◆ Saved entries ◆
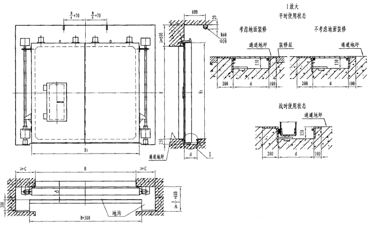 此類門的特點(diǎn)是平時地面無門檻,便于人員和車輛通行;戰(zhàn)時將門扇立轉(zhuǎn)、降落及平移,以滿足防護(hù)、密閉要求,其上帶有方便人員臨時出入的小門,平戰(zhàn)轉(zhuǎn)換快捷。新型降落門改進(jìn)了其升降機(jī)構(gòu),操作更為方便。
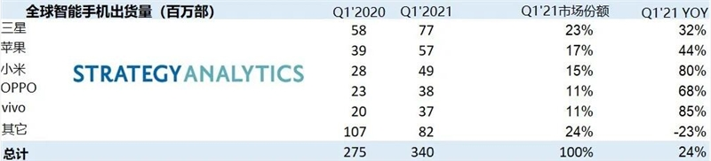 根据Strategy Analytics发布的今年Q1全球智能手机出货量报告,全球前五已经没有华为的身影,后者成为了“其他”。
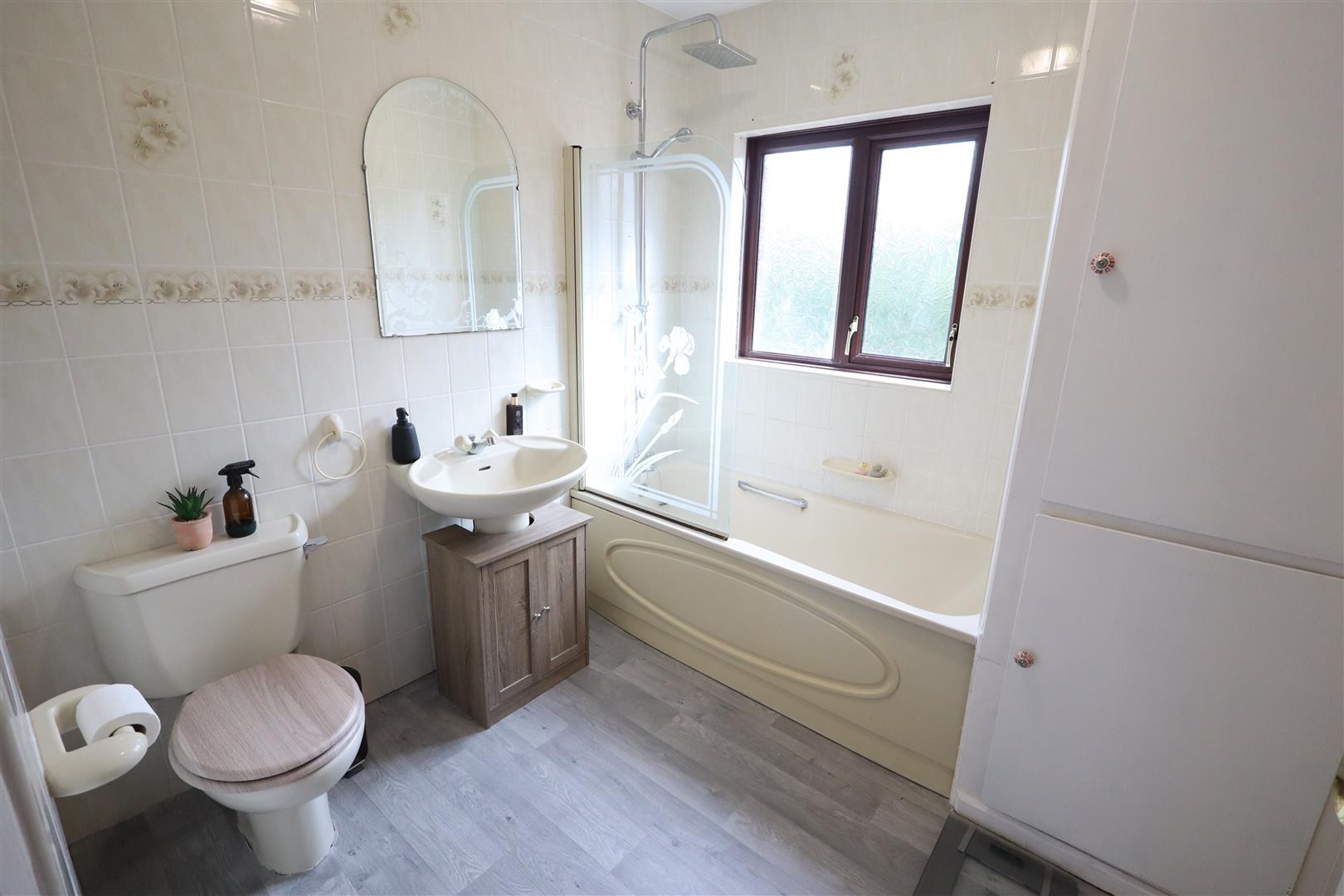 Panelled bath unit, controlled shower with rainwater effect shower head, glazed shower screen, wall tiling, low flush W/C, pedestal wash hand basin, linen cupboard
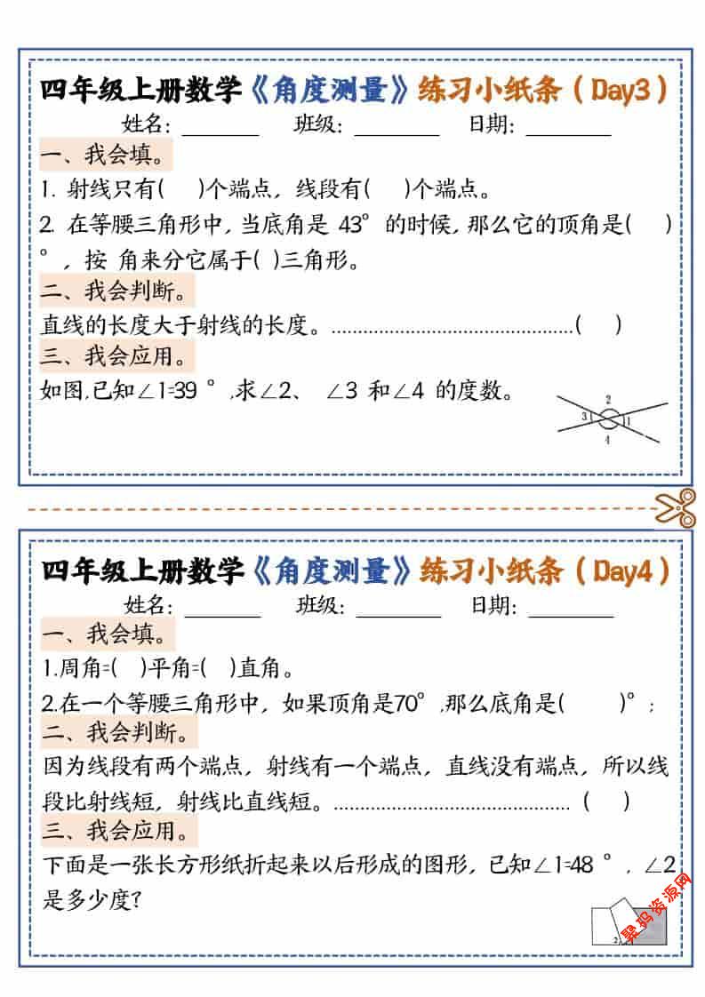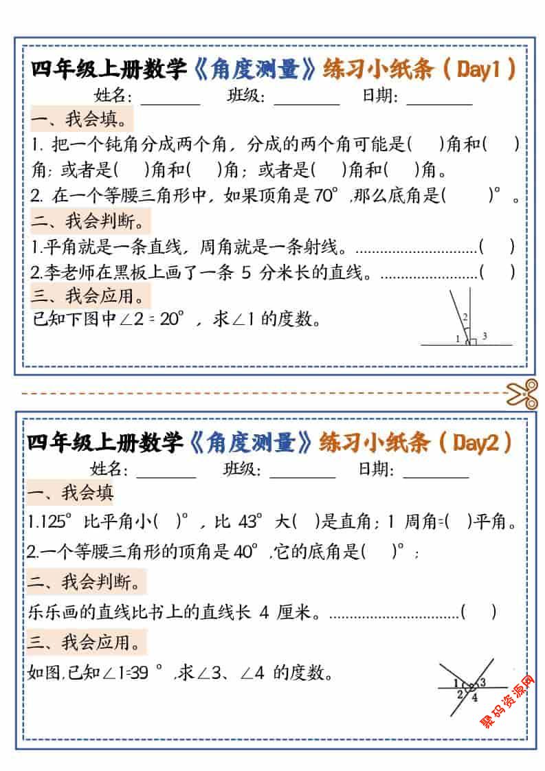 聚码网 四年级 四年级上数学角度测量复习小纸条 http://www.appstore168.com/114812.html
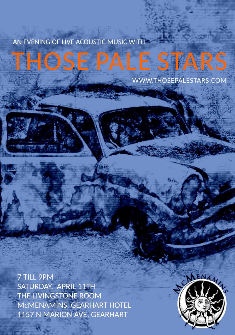 Astoria’s Those Pale Stars return to the Livingstone Room at McMenamins’ Gearhart Hotel for an evening of upbeat, thought-provoking original songs with maybe a few covers thrown in for good measure.
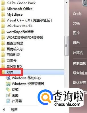 此处以WIN7系统为例。点击电脑桌面左下角的“开始”样式图标,打开全部程序,找到“附件”,单击打开附件文件夹。
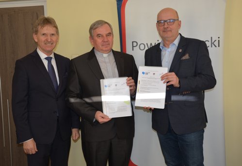 Powiat Turecki pozyskał dofinansowanie na udzielanie dotacji z Programu Ochrony Zabytków w ramach Rządowego Funduszu Polski Ład dla Parafii Rzymskokatolickiej pw. Najświętszego Serca Pana Jezusa w Turku o łącznej wartości 1 400 000 zł na prace konserwatorskie, restauratorskie, roboty budowlane przy zabytku wpisanym do rejestru zabytków lub znajdującym się w gminnej ewidencji zabytków. Zadania będą polegały na remoncie ścian północnej i wschodniej kościoła, a także na wykonaniu drenażu wokół obiektu i podłączeniu do kanalizacji deszczowej. Dziś Starosta Turecki Dariusz Kałużny i Wicestarosta Władysław Karski podpisali umowy z Księdzem Proboszczem Markiem Kasikiem na udzielenie dotacji celowych na realizację powyższych...
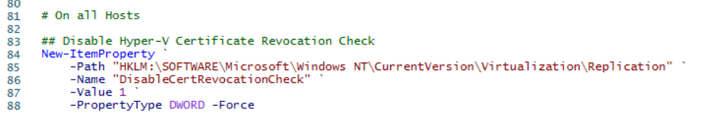 Auf allen Hyper-V Hosts muss nun die Prüfung der Zertifikate deaktiviert werden.
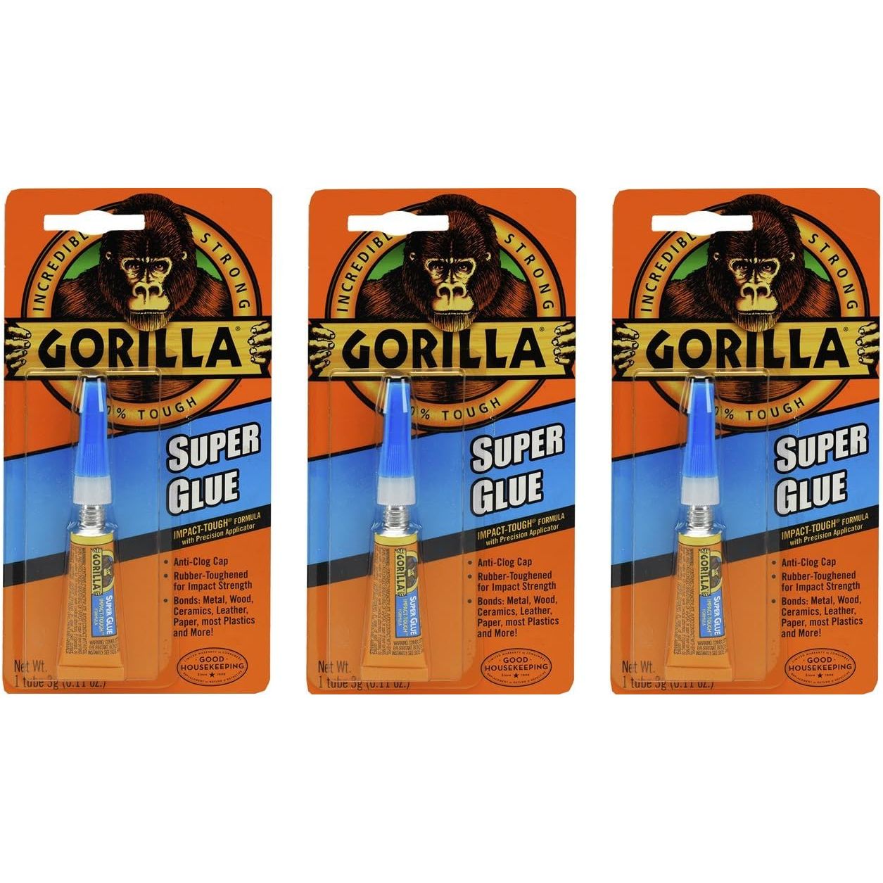- Gorilla Super Glue Tube, 3 Gram, Clear, (Pack of 1)
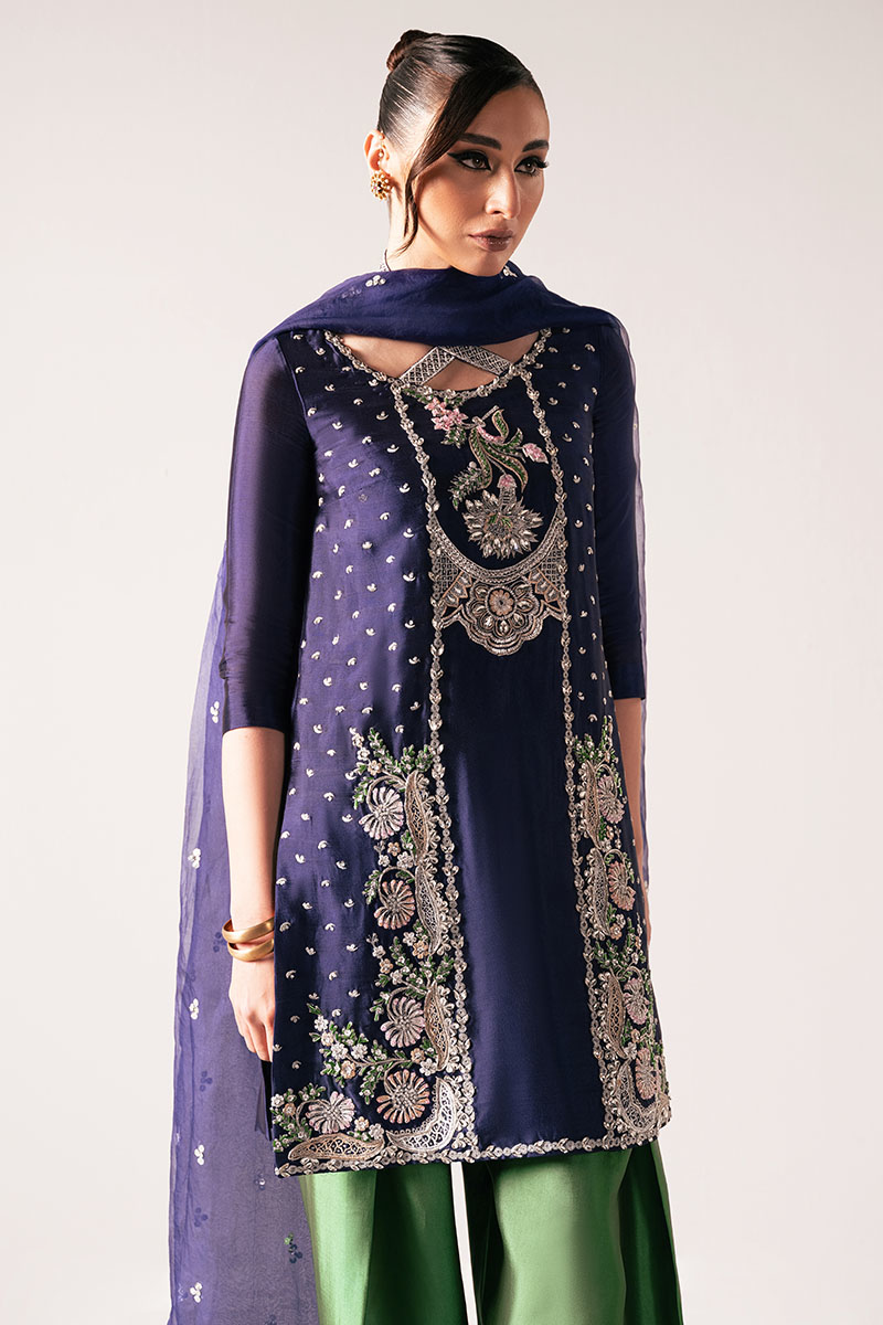 Fabric: Tissue Silk Color: Navy, Green Work Details: Embroidered and Embellished
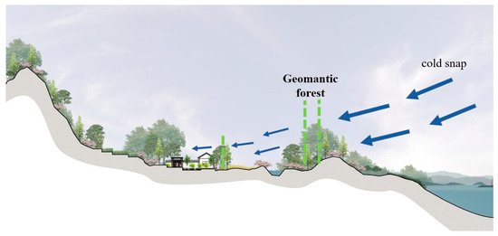 From the perspective of the wind environment, Tangli Village is conducive to the formation of the Mountainvalley breeze. The Mountainvalley breeze is a local wind formed by the temperature difference between the free atmosphere at the same altitude on the hillside and in the valley in front of the slope. Due to the thermal difference between the air at the top and near the bottom of the valley, daytime wind blows from the valley to the top of the valley, which is called the “valley breeze”. From the wind direction in Figure 4c, it can be seen that the wind on both sides of the village tends towards the mountains on both sides. At night, the wind blowing from the top of the mountain to the bottom of the valley is called the “mountain breeze” (Figure 7). Together, the mountain breeze and valley breeze are called the Mountainvalley breeze. Although the Mountainvalley breeze is a local breeze with a 24 h cycle, in a dock village, the daytime valley breeze can improve the ventilation environment inside the village and can transport the smoke, dust and aerosols produced by the village to the mountain for purification. However, on a clear day, the valley breeze carries warm air to the mountain, which raises the temperature of the mountain and promotes the early germination, early blossoming, early fruiting and early maturity of plants, crops and fruit trees in the hilly area of the piedmont and also reduces the cold in winter. The valley breeze brings water vapor to the upper part of the valley, which increases the air humidity in the mountains and decreases the air humidity in the valley [48]. This phenomenon is particularly significant in the afternoon hours. If there is enough water vapor in the air, the summer valley wind often condenses clouds and causes rain, which is beneficial to the growth of trees and crops in mountainous areas. At night, the mountain breeze brings water vapor from the mountain to the valley, so the air humidity on the mountain decreases and the air humidity in the valley increases. In the growing season, the mountain breeze can reduce the temperature, which is beneficial for the accumulation of nutrients in plants and the growth and expansion of tubers and roots.

◆ Activity ◆
In the data above, please extract the lines from the first one through the line with "根据Strategy Ana", exactly, and keep pictures out.

◆ Solution ◆
 此類門的特點(diǎn)是平時地面無門檻,便于人員和車輛通行;戰(zhàn)時將門扇立轉(zhuǎn)、降落及平移,以滿足防護(hù)、密閉要求,其上帶有方便人員臨時出入的小門,平戰(zhàn)轉(zhuǎn)換快捷。新型降落門改進(jìn)了其升降機(jī)構(gòu),操作更為方便。
 根据Strategy Analytics发布的今年Q1全球智能手机出货量报告,全球前五已经没有华为的身影,后者成为了“其他”。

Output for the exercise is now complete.